Por Juan Villoro

 

Pase a Caparrós:

“En las guerras nadie tiene gripe”, escribió Ernst Jünger, que algo sabía del tema. Lo mismo pasa con las expediciones. Lo grave sucede al volver a casa. Si los klínex están cerca, estornudas. Espero que tu malestar tenga que ver con el kilometraje acumulado y la pérdida de la maleta y no con algún virus africano.

Por cierto que tu estado es el mejor comentario a este Mundial. ¡Urge un epidemiólogo del futbol! México se descompuso ante Argentina, pero contagió la Gripe Azteca a su rival. Sólo eso explica que una escuadra que llevaba cuatro victorias seguidas se desmayara ante Alemania. Aunque hay teorías de media cancha para explicar la baja de rendimiento, las huestes de Maradona parecían haber comido pescado descompuesto. ¿Y qué sucedió después con Alemania? ¡Se contagió de Argentina! ¡El virus es temible!

En 1970, Brasil anotó cuatro goles en tres partidos. Desde entonces ninguna selección repetía esa cuota de golizas. Alemania lo logró en Sudáfrica, pero contra España estuvo irreconocible. Los germanos trataron a sus rivales con la consideración que merece un país que regala casas en Mallorca. Distraídos, faltos de motivación, lentos, fueron vencidos por un tiro de esquina rematado por un defensa. ¿Cómo explicar que hayan disputado una de las semifinales más tediosas de la historia?

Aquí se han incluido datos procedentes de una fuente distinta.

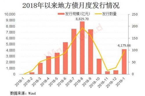 Wind数据显示,自新疆1月14日率先披露100亿元地方债发行文件后, 1月21日开始,2019年地方债发行正式拉开序幕。1月份短短10天左右的时间共有95只地方债已经发行完成,合计募资4179.66亿元。相对于2018年1月没有一只发行变化巨大,此外该发行规模已经超过去年第四季度发行的总和。
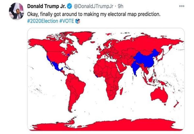 அமெரிக்காவில் அதிபர் தேர்தல் முடிவுகள் வெளியாகி கொண்டிருக்கின்றன. வெற்றி முடிவுகளை தேர்தல் வரைபடம் மூலம் விளக்குவார்கள். அமெரிக்க வரைபடத்தில் குடியரசு கட்சி வென்ற மாநிலங்களை சிகப்பு நிறத்திலும், ஜனநாயக கட்சி வென்ற மாநிலங்களை நீல நிறத்திலும் வண்ணம் தீட்டி பிரித்து காண்பிப்பார்கள். இந்த நிலையில் டிரம்பின் மகன் ஜூனியர் டிரம்ப் 'தேர்தல் வரைபடம் பற்றிய என்னுடைய கணிப்பு' என்று கூறி உலக வரைபடத்தை வெளியிட்டுள்ளார். அதில் இந்தியா, சீனா, மெக்சிகோ ஆகியவற்றை நீல நிறத்திலும், பிற நாடுகளை சிகப்பு நிறத்திலும் காட்டியுள்ளார். அதிலும் இந்திய வரைபடத்தில் காஷ்மீர் மற்றும் வடகிழக்கு மாநிலங்கள் சிகப்பு நிறத்தில் உள்ளன.

Los alemanes celebrados por su determinación, pero han hecho lo suyo para aburrir en los Mundiales: el criminal 1-0 contra Austria 1-0 en España '82 y la final de bostezo en Italia '90. Ahora renunciaron al esfuerzo, como aquejados de Weltschmerz. ¿La selección más joven del torneo cayó en trance de wertherismo y descubrió que no hay nada más romántico del suicidio? En modo alguno: no cayeron con pasión; claudicaron, aquejados por el Virus A, padecido por aztecas, argentinos y alemanes.

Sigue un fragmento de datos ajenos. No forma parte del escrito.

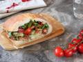 Накройте второй половинкой и подавайте чиабатту с ветчиной и сыром к столу. Сэндвич можно разрезать на 2-3 части.
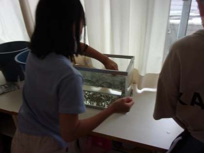 メダカを飼うときに気を付けること等を調べ、自分たちで水槽の準備も行いました。
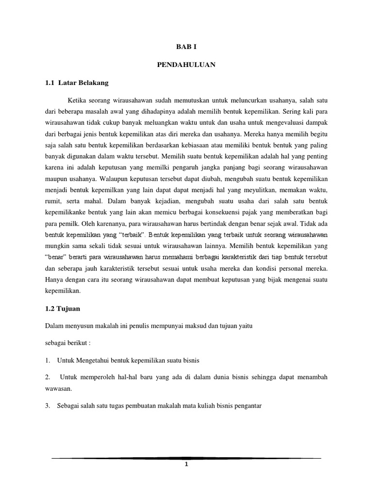 bentuk kepemilikan bisnis BAB I. PENDAHULUAN. A. Latar Belakang. Bisnis merupakan profesi atau perusahaan komersial yang beroperasi dengan tujuan mendapatkan keuntungan melalui penyediaan barang atau jasa. Tujuan utama dari bisnis adalah keuntungan, mempertahankan kelangsungan hidup perusahaan...
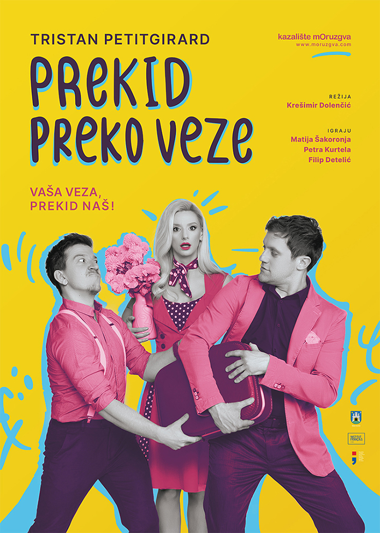 Nakon što je osvojio kazališne daske diljem Europe, Prekid preko veze autora Tristana Petitgirarda krenuo je osvajati i Hrvatsku. Ova urnebesna postromantična komedija rasprodala je dvorane diljem Hrvatske, a neke i po nekoliko puta, ponijevši nagradu za najbolju predstavu prema ocjeni žirija na prošlogodišnjem ZAKAJ-festu. Publika i kritika slažu se da je ovo jedan od najduhovitijih i najdinamičnijih kazališnih komada sezone, predstava za koju se redovito traži karta više. Prekid preko veze prati priču o specijaliziranoj agenciji koja za svoje klijente preuzima neugodne razgovore o prekidu veze, pretvarajući ih u niz humorističnih situacija, iznenađenja i nesporazuma. Uz glumce - Matiju Šakoronju, Petru Kurtelu i Filipa Detelića, koji su svi redom dobitnici prestižne Nagrade hrvatskog glumišta, redatelj Krešimir Dolenčić donosi energiju i kreativnost koja osigurava zabavu do posljednje minute. Karte se nerijetko rasprodaju i po nekoliko tjedana unaprijed, što potvrđuje kako ova komedija nije samo prolazni hit, već predstava koja svojom svježinom i humorom uveseljava publiku svih generacija. Ne propustite priliku za smijeh, zabavu i jedinstvenu kazališnu večer.

España es un caso raro. Después de perder con la pálida Suiza ha ganado sus partidos con merecimiento. Para mí, el mejor gol del Mundial es el de Villa ante Portugal, no por la definición, que ocurrió en dos tiempos, sino por la triangulación que la precedió, con taconazo maestro de Xavi. Sin embargo, la España que hace dos años ganó la Eurocopa brillaba más que esta selección que triunfa por la mínima diferencia. Del Bosque no plantea los partidos al modo italiano, pero sale del campo como si lo hubiera hecho. El magro resultado sería una astucia si la estrategia fuera defensiva. No es el caso. España domina con ánimo de vendaval y gana por un gol. Su autoridad para triunfar no está en entredicho, pero ha llegado a la final sin mostrar la contundencia del Brasil que arrasó 3-0 a Chile, la Argentina que goleó 4-1 a Corea, la Alemania que dominó 4-1 a Inglaterra y la Holanda que remontó 2-1 ante Brasil. Si el virus del desánimo no aqueja a ningún equipo en la final, España deberá mostrar que tiene auténtica fibra de campeón.

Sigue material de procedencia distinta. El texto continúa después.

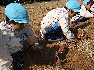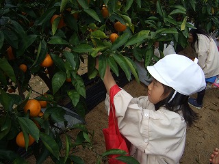 心配していたお天気もみんなの味方をしてくれました。 温かい一日で年少さんと年中さんは甘くておいしいみかんを クルクルしてとりました。年長さんは大きなおいもをほって おうちにおみやげです。さぁおいしい秋をめしあがれ♪
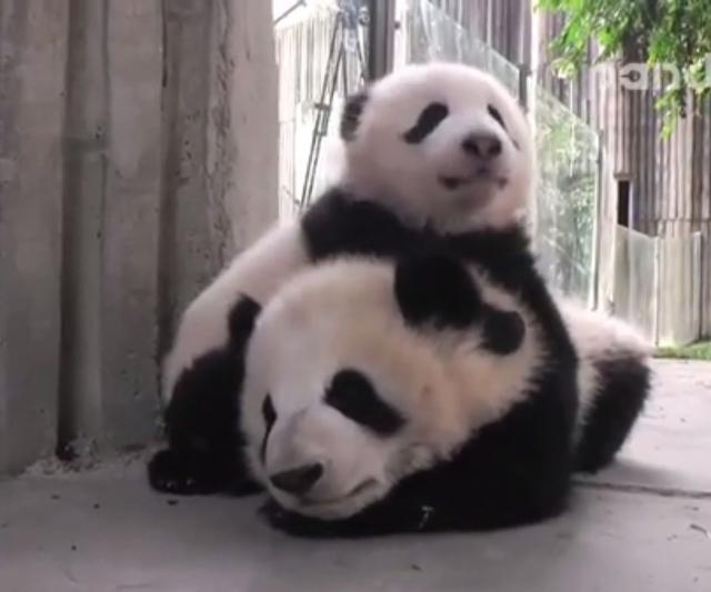 Na video snimku, koji je zabeležen u jednom svetilištu u Kini, vidi se kako panda Meng lan uživa u opuštajućoj masaži koju joj je priredio njegov mali prijatelj, beba panda Ćing Sjao.
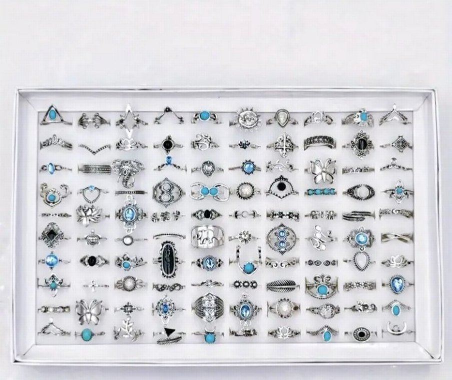 Bohem tarzda, gri ve turkuaz boncuklu desenli kadın yüzük seti, günlük kullanım için uygundur. adet fiyatıdır

España-Alemania no fue una final anticipada sino una antesala de la catatonia. En cambio, Uruguay confirmó que fue a Sudáfrica a hacerse improbable. Con un futbol inferior al de Holanda, se las arregló para empatar el partido con un tiro de Forlán (casi tan perfecto como el riflazo de Gio Van Bronckhorst que abrió el marcador). Luego la Naranja Mecánica practicó triangulaciones de pinbal que no hubiera detenido ni el fantasma de Obdulio Varela: 3-1. Todo parecía resuelto. Pero los charrúas reinventaron su esperanza con un segundo gol agónico y dejaron la extraña sensación de que, si el partido hubiera durado cinco minutos más, habrían sido capaces de un empate, de sostener una prórroga de cuchilleros y de ganar en penales. Esas locas ilusiones tenían poco que ver con la técnica; venían de la mística de un equipo que jugó por encima de sí mismo. Su entrenador, el Maestro Tabarez, es el peor pagado del Mundial. Además, el equipo jugó con tres suplentes, pero logró el milagro de superar lo que podía ser.

Uruguay cayó peleando, Alemania se contagió de algo raro.

El Mundial ha estado enfermo. Hasta ahora sólo Holanda ha tenido salud estable. Una vez más es la selección mejor afeitada del torneo (incluso el sucísimo Van Brommel tiene cutis impecable) y parece a salvo de la Gripe A.

Estoy seguro de que lo tuyo, nómada convaleciente, se quita con aspirinas, aunque en estos momentos, ¿quién confía en los remedios alemanes?